Ordinarily I would not venture out in that kind of weather, but I had business in the area and I decided to divert for an overnight boondock.  I was hoping the rain would let up long enough for me to explore a trail or two in the 3,800-acre Little Lake Creek Wilderness Area.
I saw a lake, alright, but it wasn't where it was reported on the map.  It commenced in the parking lot and continued over basically the entire wilderness.  The ditches in the area were overflowing onto the FM roads, which is something you don't see every day.  
Not looking good, is it??  But I had journeyed all the way to this trailhead north of Montgomery, Texas, so I had to at least give it a proverbial shot.  A token effort.  

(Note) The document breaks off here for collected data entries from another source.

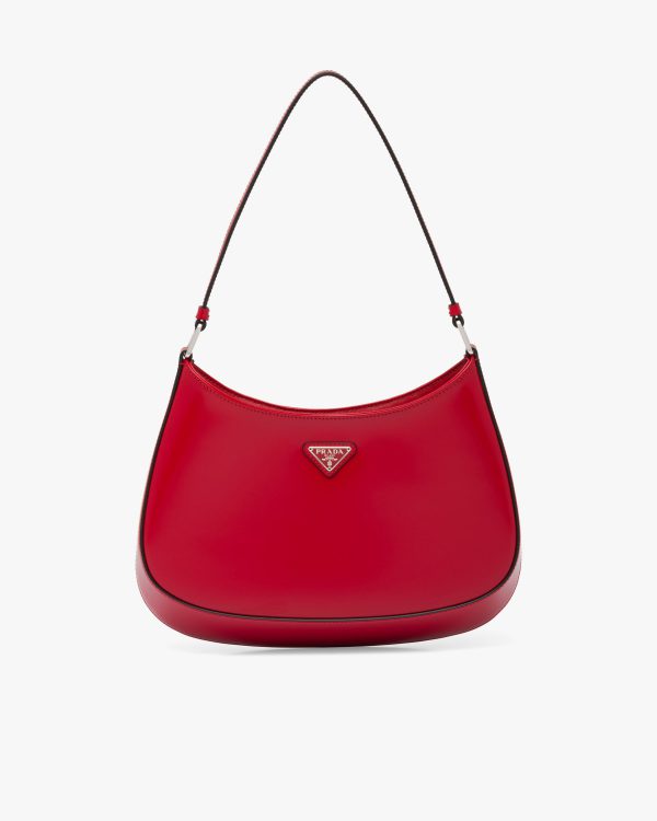 The Prada Cleo bag with sophisticated allure reinterprets an iconic design of the brand from the 1990’s. Sleek curved lines emphasized by the particular construction rounded on the bottom and sides give this hobo bag a soft, light look. Brushed leather, a modern and versatile material that is distinctive in Prada collections, is ideal for creating always new combinations and contrasts. The enamel triangle logo decorates the silhouette.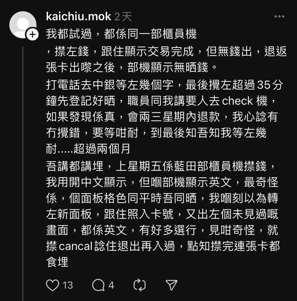 💬有網民經歷更亦令人無奈,亦係撳錢無錢出,要花長時間聯絡客服,最終等候起過2個月追討損失。同一位網民亦於上周在藍田地鐡站使用自動櫃員機提款,機器出現奇怪的狀況,即使想按「取消」仍被「食卡」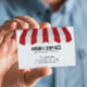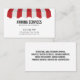 This business card features a red and white and grey illustration of an awning against a plain white background, with key details in serif font in black.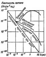 Для полноты изложения следует упомянуть о возможных помехах со стороны излучения, вызываемого грозовыми разрядами. Максимум излучения атмосферных разрядов лежит в диапазоне длинных волн (λ≈1 км), но заметную величину могут иметь гармоники на метровых и дециметровых волнах. Например, на длине волны 50 см поток мощности излучения молний может достигать величины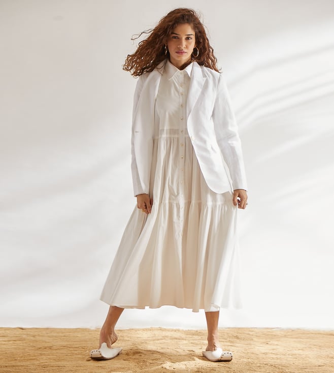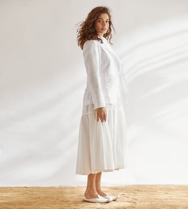 Impress your peers by wearing this white blazer from House of Three. The notched lapel collar adds to its appeal. Exuding full sleeves, it is sure to fetch you compliments from all. Crafted using premium quality cotton linen fabric, it gives you a soft and luxurious touch against your skin. Country of Origin - India. Disclaimer: All other items in the image are only for display purposes and will not be a part of the delivery content. Product colour may slightly vary due to photographic lighting sources.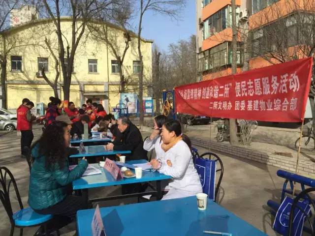 “走进社区、学雷锋活动”,青年志愿者们走进社区,为社区百姓进行健康咨询、公益剪发、家电维修、街道清扫、公益义卖等爱心志愿活动。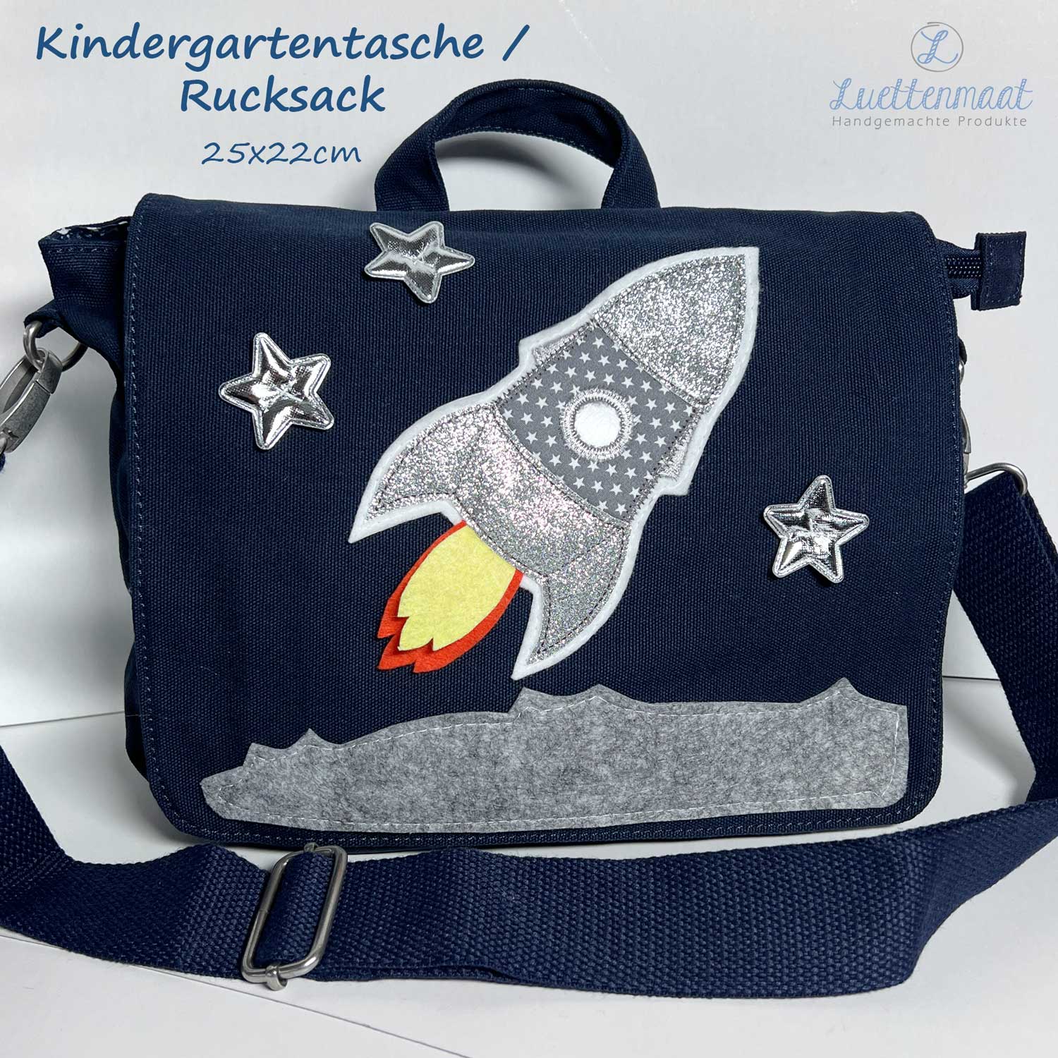 kindergartentasche mit Rakete glitzer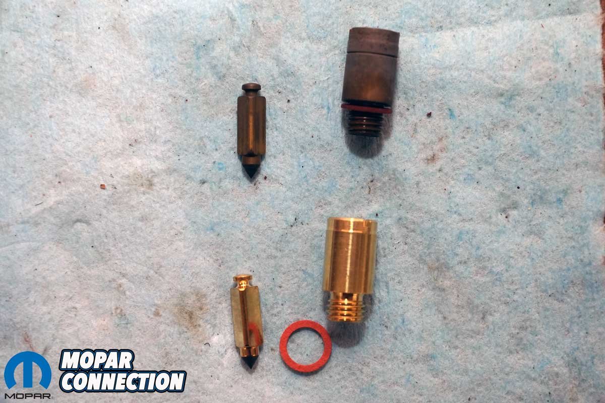 Above Left: We picked up two carb rebuild kits from MikesCarb.com. The kits had everything we needed to rebuild the AFBs. Above Center: The stem and plunger come assembled, but the spring and clip had to be installed before use. Above Right: At the top was one of the two needle and seat assemblies from the front carburetor’s air horn. The lower is a new needle and seat with the gasket not yet installed.

The ground was so saturated that every step was a slip 'n' slide.  The trail is not well-compacted and has not been mulched or covered in aggregate.  This is good information to know.  In heavy rain, it's almost impassable.  I couldn't walk more than about one mile an hour due to the uncertain footing in these conditions.  
This bridge sorta summed up my mood.  

Signs pointing east and west toward areas of interest that I will have to return one drier day to explore.  
This guy was trying to keep from drowning.  Hug that sign!
I hiked for about 20 minutes total, but the downpour was so intense that it was literally deafening on my umbrella.  This is where zip-off pants really come in handy, though.  The umbrella kept the top part of me relatively dry, and I was able to remove and wring out the pant legs without having to get undressed.  I hung them up to dry using Container Store's magnet clips.  
All was not lost, however, as I had a peaceful and relaxing boondock that night in the nearby Conroe area.  We are drawing closer to the time of year where boondocking will be difficult to impossible due to the subtropical summer heat.  Our Interstate has an Onan generator that will run the coach A/C, but I find it difficult to imagine a restful night with that noisy little sucker running all night long. So it will be RV park or bust for the coming months.
I never have a boondocking overnight without learning something new, and this time was no exception.  What I learned is that I still haven't identified a workable butter travel solution. I don't like to put it in the fridge where it would become rock hard and unspreadable, but I haven't found a good receptacle for containing the inevitable slop, either.  This is the standard Rubbermaid butter dish that has been manufactured for years, but even used upside-down from its intended orientation, it still found a way to leak like a sieve all over my tiny little Class B floor.  The search for a better butter solution continues. 
But I did get some yoga done.  Believe it or not, one can successfully do a lot of yoga in the narrow confines of an Interstate.  More about that later.